Kids and Chores

Teaching Children About Repentance by Sarah V.

All of our children have chores. The chores vary based upon age and ability, but every day every person in this house has something to do. Some children do their chores well and without complaining while others grit their teeth and work hard to do the littlest work possible. One of my children is assigned the task of sweeping under the table after every meal. He can use a vacuum or a broom, but either way, the crumbs have to come up off the floor and into the trash. I’ve always thought this was a reasonable request and didn’t expect much pushback—until yesterday.

I was standing at the sink on the one mat we have in the kitchen when my feet were met with quite a few lumps, so I decided to investigate. Much to my surprise, I discovered the floor-sweeping child had elected to sweep the crumbs under the rug instead of putting them into the trash. Logically, this made absolutely no sense in my mind. The rug is literally 4 feet away from the dust pan and the garbage can. But for some reason, this child made a conscious decision to hide the pile of crumbs instead of doing what he was told. As is typical around here, the situation morphed into an important object lesson. Knowing consequences were around the corner and that there was no easy way to pass blame onto anyone else, the child fessed up immediately and settled in for a long talk about sin and repentance. He was thrilled—well maybe not.

Our sin is a lot like crumbs on the kitchen floor. How we handle our crumbs says a lot about who we are and who we follow. We can leave the crumbs out, never sweep them up, and pretend that it just doesn’t matter that our floor is dirty. We could even make an excuse that we’re leaving the crumbs out for the dog, or rationalize that everyone else has a dirty kitchen floor, or maybe we could even convince ourselves that the crumbs aren’t really there to begin with. For most unsaved people, sin is usually handled in one of those ways.

Another option, utilized by my chore-allergic child, is to sweep our crumbs up, hide them in a pile under the rug, and pretend the crumbs no longer exist. However this method falls short, because God sees all of our crumbs. He knows all of our sins. We can’t hide them from Him no matter where we put them. Children may opt for this course of action when they know they’ve done something wrong, so we have to intentionally teach our children to confess and repent of sin. Our crumbs, like our sins, must be acknowledged and discarded. We cannot bathe in sin nor can we pretend it doesn’t exist. We have to repent of our sins and throw them away.

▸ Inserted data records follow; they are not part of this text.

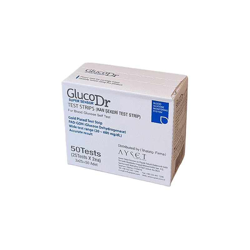 نوار تست قند خون گلوکو داکتر Gluco Dr محصولی بهداشتی- طبی ساخت کشور کره است که امکان اندازه گیری قند خون شما را در کمترین زمان و به راحتی فراهم می آورد. این مجموعه یک پکیج 50 عددی نوار تست قند خون می باشد که در دو قوطی درب دار 25 تایی مجزا ارائه شده اند تا در برابر رطوبت، دما و آلودگی های احتمالی محفوظ باشند. این نوارها برای استفاده شخصی و به صورت یکبار مصرف هستند و دارای الکترودهایی با روکش طلا می باشند تا در هر شرایط محیطی نتایج معتبری به شما ارائه دهند. دمای مناسب برای نگهداری از این محصول از 1 تا 32 درجه سانتی گراد می باشد. میزان حجم خون مورد نیاز برای اندازه گیری در حدود 2 میکرو لیتر می باشد و زمان عملکرد آن نیز تقریباً 10 ثانیه است.
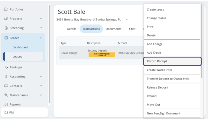 - The tenant can record a receipt via the portal by submitting an eCheck or Credit Card payment, or the property manager can manually record the receipt (check, cash, money order
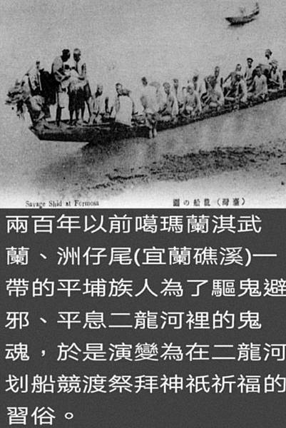 其實台灣平埔族也曾有類似賽龍舟的競渡儀式,其中較知名的是宜蘭礁溪二龍村的龍舟賽會。以下引述「走讀宜蘭-節慶」網站:
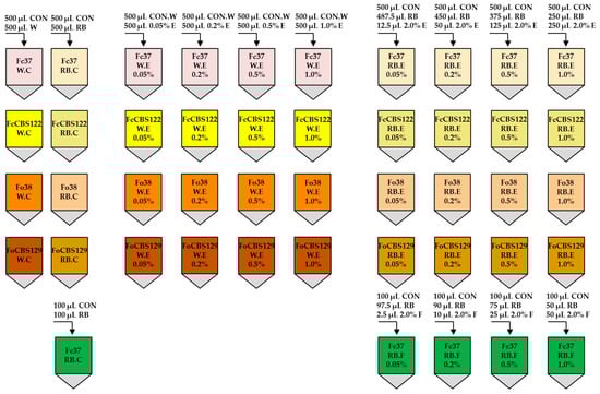 Macroconidia of studied F. culmorum (FcCBS122 and DEM Fc37) and F. oxysporum (FoCBS129 and DEM Fo38) strains used for the preparation of inocula were obtained from a culture grown on a liquid RB medium with 1.0% glucose as a carbon source. The isolates were cultivated in darkness at 20 °C and 60% relative humidity in an Innova 4900 growth chamber (New Brunswick Scientific, Edison, NJ, USA) at 120 rpm for 7 days. Then, the fungal cultures were filtered through 5 layers of a sterile cotton gauze. The macroconidia were obtained by centrifuging the supernatants (10,000 g for 15 min). The supernatant was then collected and the resulting conidia pellet was resuspended in sterile distilled water. The density of the macroconidia suspension was determined in a hemocytometer using a light microscope (Olympus BX53 Upright Microscope) and then diluted with sterile distilled water to a desired concentration [].
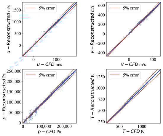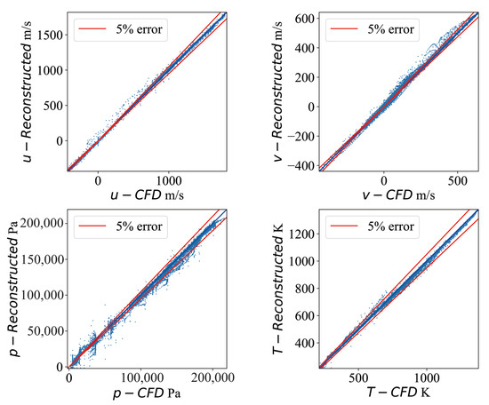 Figure 16 and Figure 17 show the corresponding scatter plots of the flow fields, and each scatter represents the flow data at a grid node. The horizontal coordinates are the values calculated by CFD, and the vertical coordinates are the values reconstructed by VAE. The red lines are the lines of the ±5% errors. We can see that most of the scatters are located inside or near the lines of the ±5% errors. The reconstruction accuracy of the static pressure and vertical velocity has a larger error than the other flow variables. It is consistent with the results in Figure 14 and Figure 15. The vertical velocity and pressure undergo a sudden change besides a shockwave, which makes these two quantities more uneven and discontinuous in spatial distribution.
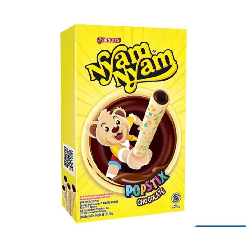 Nyam-nyam popstix merupakan snack dengan krim coklat yang lezat.
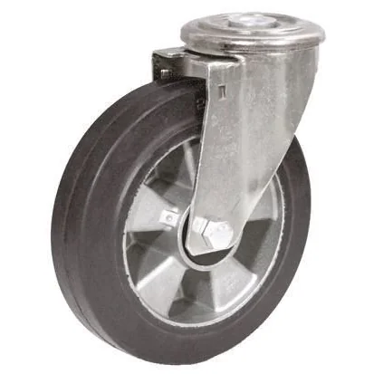 Black Rubber Tyre, Steel Hub, Medium Duty, Series M22 - Single Bolt Hole. Single bolt hole fixing Solid black rubber tyre; electro-zinc plated and white passivate finish pressed steel frame RoHS compliant Suitable for use on medium to poor surfaces Roller hub bearing Hardness: 85 ±5, Shore A Wheel series B + E
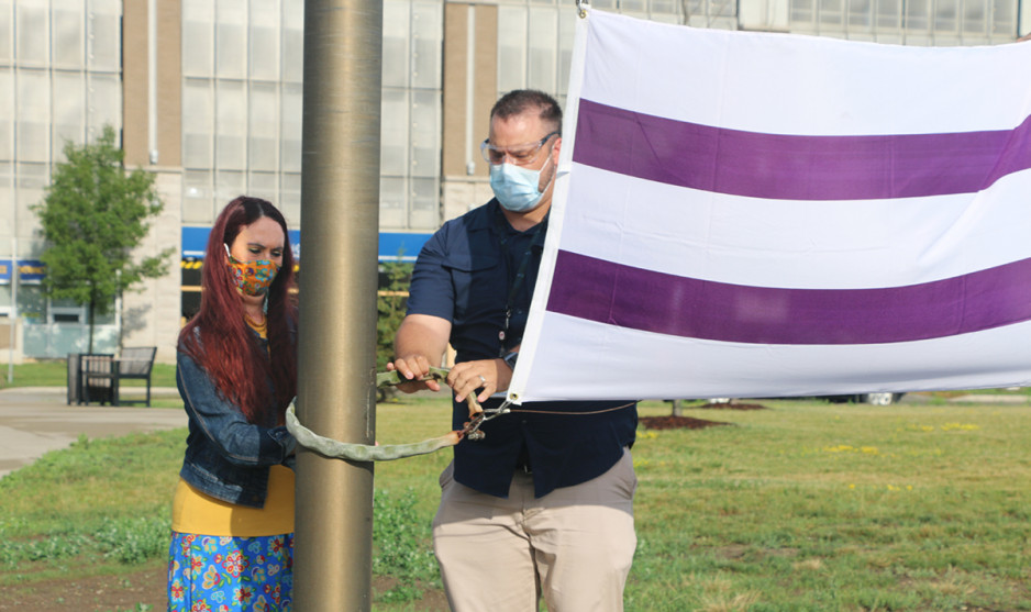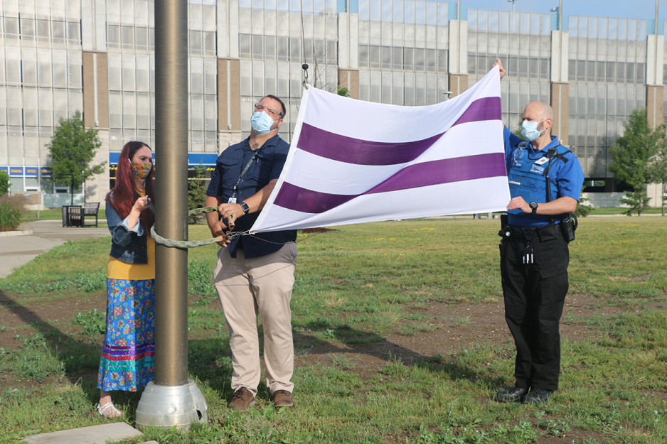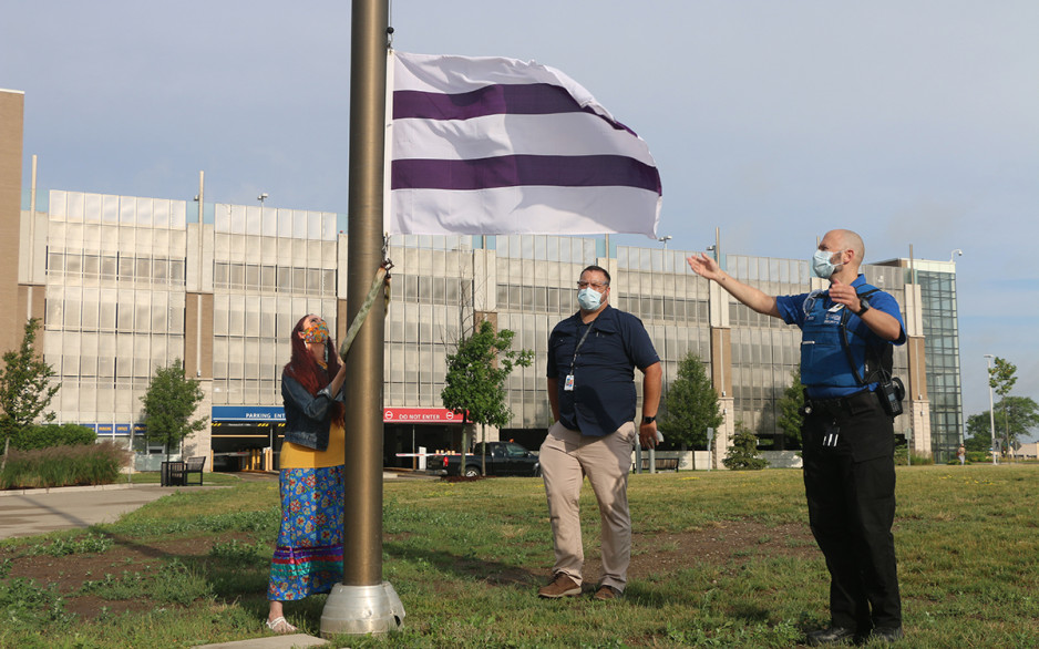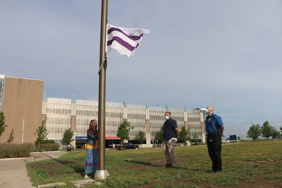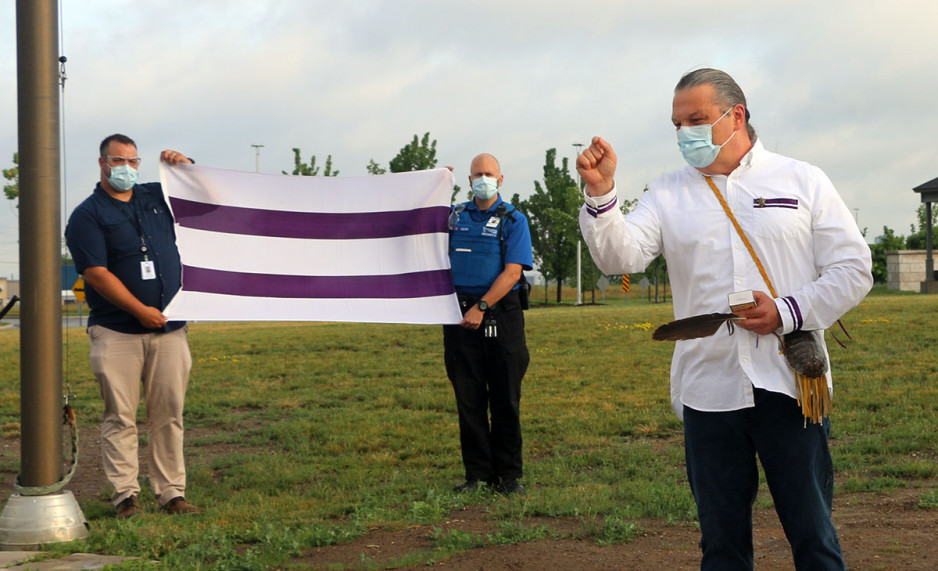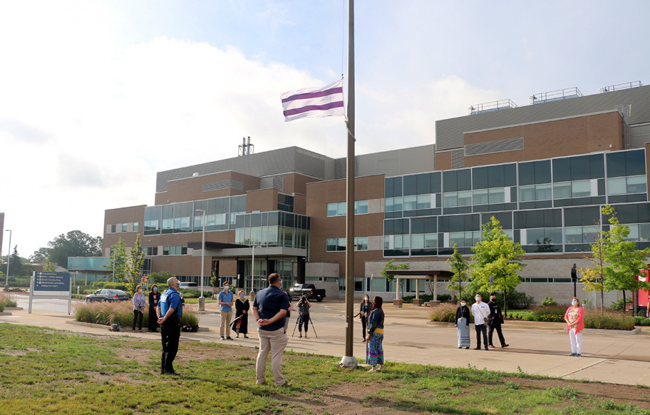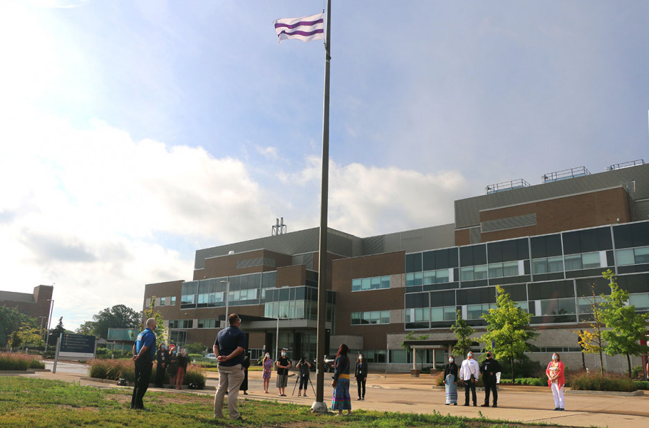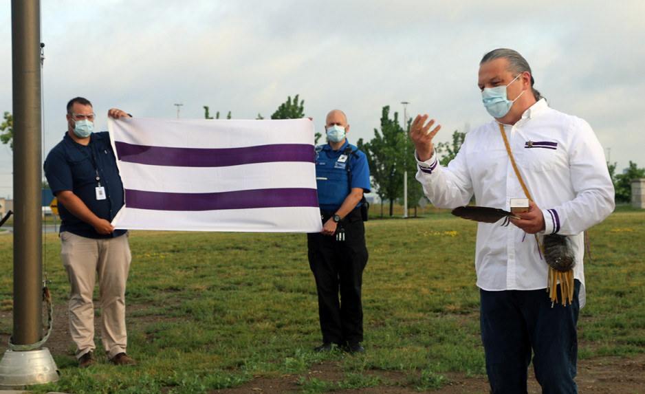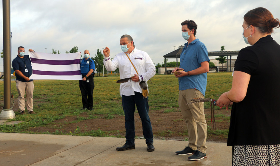 Jodi Younger, St. Joseph’s Vice President of Patient Care and Quality who was also in attendance at the flag raising and added “As St. Joseph’s mental health care services work to address long-standing, systemic barriers to care for Indigenous Peoples, today’s recognition is just one step in signaling that our Biigajiiskaan Program is a place to receive culturally safe care.”
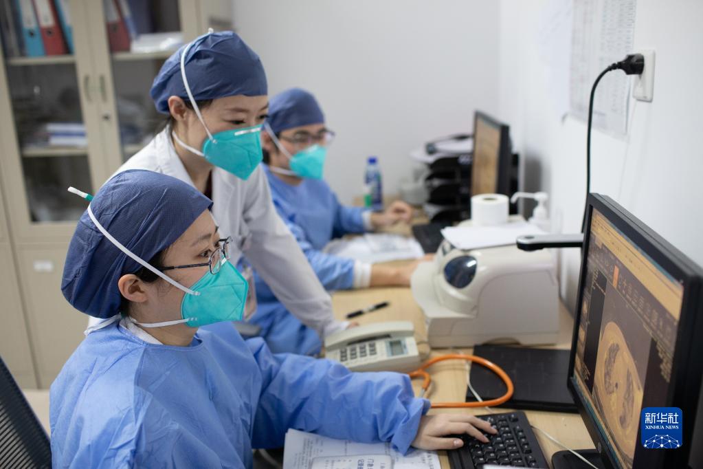 1月12日,在复旦大学附属华山医院虹桥院区急诊抢救室医生办公室,医生查看患者的胸部CT。
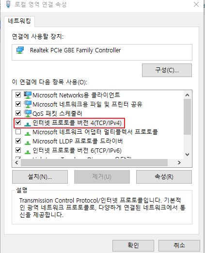 인터넷을 사용하기 위한 TCP/IP 프로토콜을 확인할 수 있다.
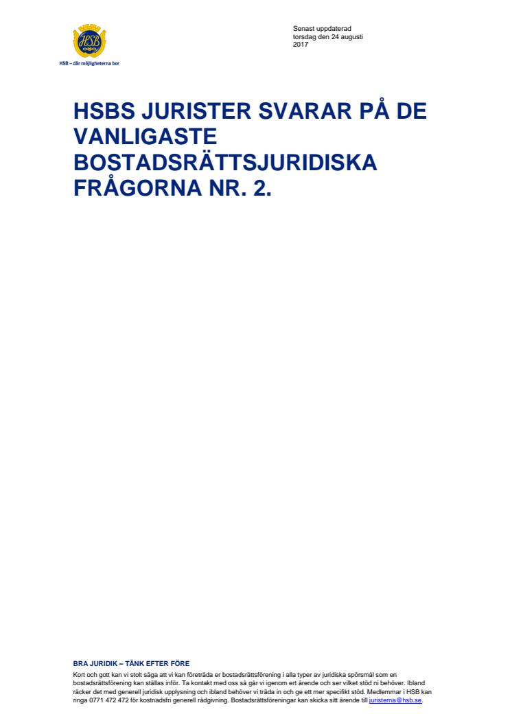 HSBs jurister svara på de vanligaste bostadsrättsjuridiska frågorna. 2.

One of my first vivid memories of my childhood was learning this specific lesson. I was about 5 years old when I hit my annoying younger brother. I’m sure he deserved it, but while praying with my mother that night she told me that I had to confess my sin to God and ask Him to forgive me of it. I had to be very sorry for what I did, so sorry that I would not ever do it again. I was NOT amused. I did not want to confess my sin and I most certainly did not want to give up the opportunity to smack my annoying little brother when he bothered me again. But she pressed on. I ended up in tears because my fighting little spirit did not want to submit to the authority of God. I wanted to do things my way. Fortunately my mother would not concede to my will but insisted that I yield my will to God’s. That night I confessed my sin to God and asked Him to forgive me. I repented of my sin and I relinquished my will to His. It wasn’t easy, but it made a lasting impression. My mom taught me that repentance was much more than simply saying, “I’m sorry.” It is a condition of the heart and mind.

People of all ages struggle with wanting to do things their own way. Yet teaching children to submit to God’s authority, to confess their sins, and turn from them is an extremely important part of the Christian life. Just saying “sorry” is not true repentance. Pretending you didn’t sin to begin with only shows regret. We teach our children that true repentance means that you believe what you did was wrong, you wish you had never done it, and you won’t do it again. I’m not sure all of my children quite understand this concept yet, partially because it goes hand in hand with a personal relationship with God. Repentance is born out of believing that what Jesus said is true and ultimately submitting to God’s authority. We cannot force our children to love God, but we can instill in them the truth. Hebrews 12:6 says that the Lord disciplines those He loves. As the Lord corrects and guides us, we should do the same with our children. It isn’t easy, but thankfully, God will help us as we attempt to raise children who love and honor Him.

Sarah and her husband have six children under the age of 12, 2 dogs, and way too much laundry! When they aren't busy with school, sports, and church, Sarah enjoys exploring northern Michigan and camping with her family.